## Work order
What you write should be an exact copy of the material, from its first line through the line containing "Public Security Police".

□ □ □ □

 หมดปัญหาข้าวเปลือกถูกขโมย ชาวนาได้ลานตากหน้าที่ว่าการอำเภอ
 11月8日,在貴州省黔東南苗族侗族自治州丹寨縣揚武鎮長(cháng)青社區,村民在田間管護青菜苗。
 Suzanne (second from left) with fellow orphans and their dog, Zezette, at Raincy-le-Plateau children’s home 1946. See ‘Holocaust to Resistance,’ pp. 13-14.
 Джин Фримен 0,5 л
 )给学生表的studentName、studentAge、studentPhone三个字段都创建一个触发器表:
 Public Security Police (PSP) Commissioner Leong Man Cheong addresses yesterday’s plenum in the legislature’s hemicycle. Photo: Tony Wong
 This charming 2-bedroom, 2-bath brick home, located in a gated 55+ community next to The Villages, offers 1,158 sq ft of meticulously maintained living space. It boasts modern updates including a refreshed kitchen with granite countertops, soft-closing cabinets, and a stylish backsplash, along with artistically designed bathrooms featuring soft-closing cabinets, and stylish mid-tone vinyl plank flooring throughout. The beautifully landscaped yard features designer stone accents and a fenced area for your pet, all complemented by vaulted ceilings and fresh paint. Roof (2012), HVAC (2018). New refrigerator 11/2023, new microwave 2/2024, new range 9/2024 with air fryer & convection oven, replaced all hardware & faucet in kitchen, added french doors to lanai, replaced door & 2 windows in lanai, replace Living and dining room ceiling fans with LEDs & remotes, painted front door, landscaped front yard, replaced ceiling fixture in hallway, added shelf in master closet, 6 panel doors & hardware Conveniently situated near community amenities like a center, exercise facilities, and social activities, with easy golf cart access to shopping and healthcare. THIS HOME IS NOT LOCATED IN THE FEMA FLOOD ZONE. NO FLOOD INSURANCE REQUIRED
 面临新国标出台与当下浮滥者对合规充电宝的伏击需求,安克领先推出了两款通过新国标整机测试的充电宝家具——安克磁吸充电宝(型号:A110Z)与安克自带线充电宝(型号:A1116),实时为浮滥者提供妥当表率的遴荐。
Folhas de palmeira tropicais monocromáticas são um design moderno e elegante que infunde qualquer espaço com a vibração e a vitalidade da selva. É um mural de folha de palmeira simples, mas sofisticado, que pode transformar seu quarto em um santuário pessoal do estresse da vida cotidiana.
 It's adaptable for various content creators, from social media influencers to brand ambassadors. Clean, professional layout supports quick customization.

□ □ □ □

## Reply to the exercise
 หมดปัญหาข้าวเปลือกถูกขโมย ชาวนาได้ลานตากหน้าที่ว่าการอำเภอ
 11月8日,在貴州省黔東南苗族侗族自治州丹寨縣揚武鎮長(cháng)青社區,村民在田間管護青菜苗。
 Suzanne (second from left) with fellow orphans and their dog, Zezette, at Raincy-le-Plateau children’s home 1946. See ‘Holocaust to Resistance,’ pp. 13-14.
 Джин Фримен 0,5 л
 )给学生表的studentName、studentAge、studentPhone三个字段都创建一个触发器表:
 Public Security Police (PSP) Commissioner Leong Man Cheong addresses yesterday’s plenum in the legislature’s hemicycle. Photo: Tony Wong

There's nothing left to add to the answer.